Resource links provided by the National Library of Medicine


Group/Cohort Intervention/treatment
Patients with unruptured brain aneurysms

We will include all adult patients (18 years or older) undergoing microsurgical treatment for UIAs. No specific exclusion criteria will be set. Patients with prior SAH may only be included when surgical treatment occurred at least 4 weeks after ictus. Only patients treated from January 1st 2010 onwards can be included in this study.

No intervention.

Procedure: Microsurgery
Microsurgery for unruptured intracranial aneurysm




Primary Outcome Measures :
  1. modified Rankin Scale [ Time Frame: Within 24 hours of admission to discharge, assessed up to 30 days ]
    Neurological outcome was assessed by the modified Rankin scale (mRS), and a favorable neurological outcome was defined as mRS 0, 1, or 2. The scale runs from 0 to 5, and higher scores mean a worse outcome.

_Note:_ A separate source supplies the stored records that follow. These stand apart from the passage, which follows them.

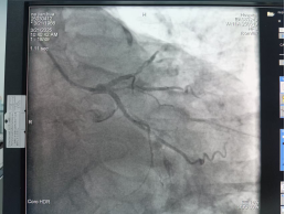 入住我院心血管内科后,医生们做了全面细致的术前评估,并于3月1日为其做了冠脉造影术。检查结果显示:左前降支近段最严重狭窄90%,第一对角支最严重狭窄95%,回旋支中段闭塞,右冠近段最严重狭窄80%。结合患者症状及心电图表现,决定先处理回旋支病变。
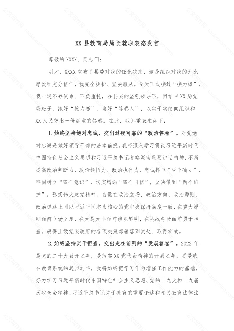 XX县教育局局长就职表态发言
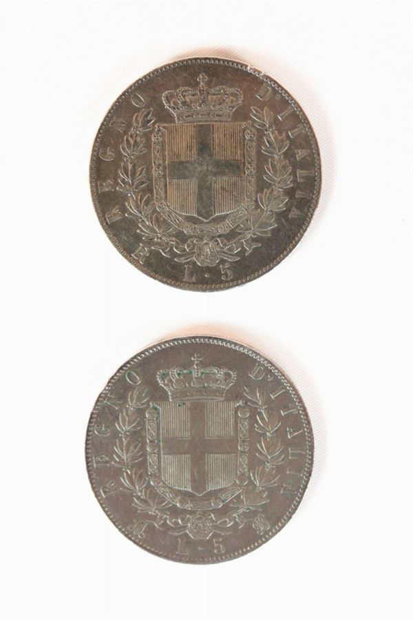 5 lire, regno Vittorio Emanuele II, 1877 e 1872. Peso: 82 gr

  2. Sensorimotor neurological deficits [ Time Frame: Within 24 hours of admission to discharge, assessed up to 30 days ]
    Any new sensorimotor neurological deficits after surgery will be captured.

  3. Clavien Dindo Complication Grading [ Time Frame: Within 24 hours of admission to discharge, assessed up to 30 days ]
    Complications will be assessed using the modified 2009 Clavien-Dindo grading (CDG), and occurrence of a complication was defined as any deviation from CDG 0. The CDG runs from 0 to 5, and higher scores mean a worse complication.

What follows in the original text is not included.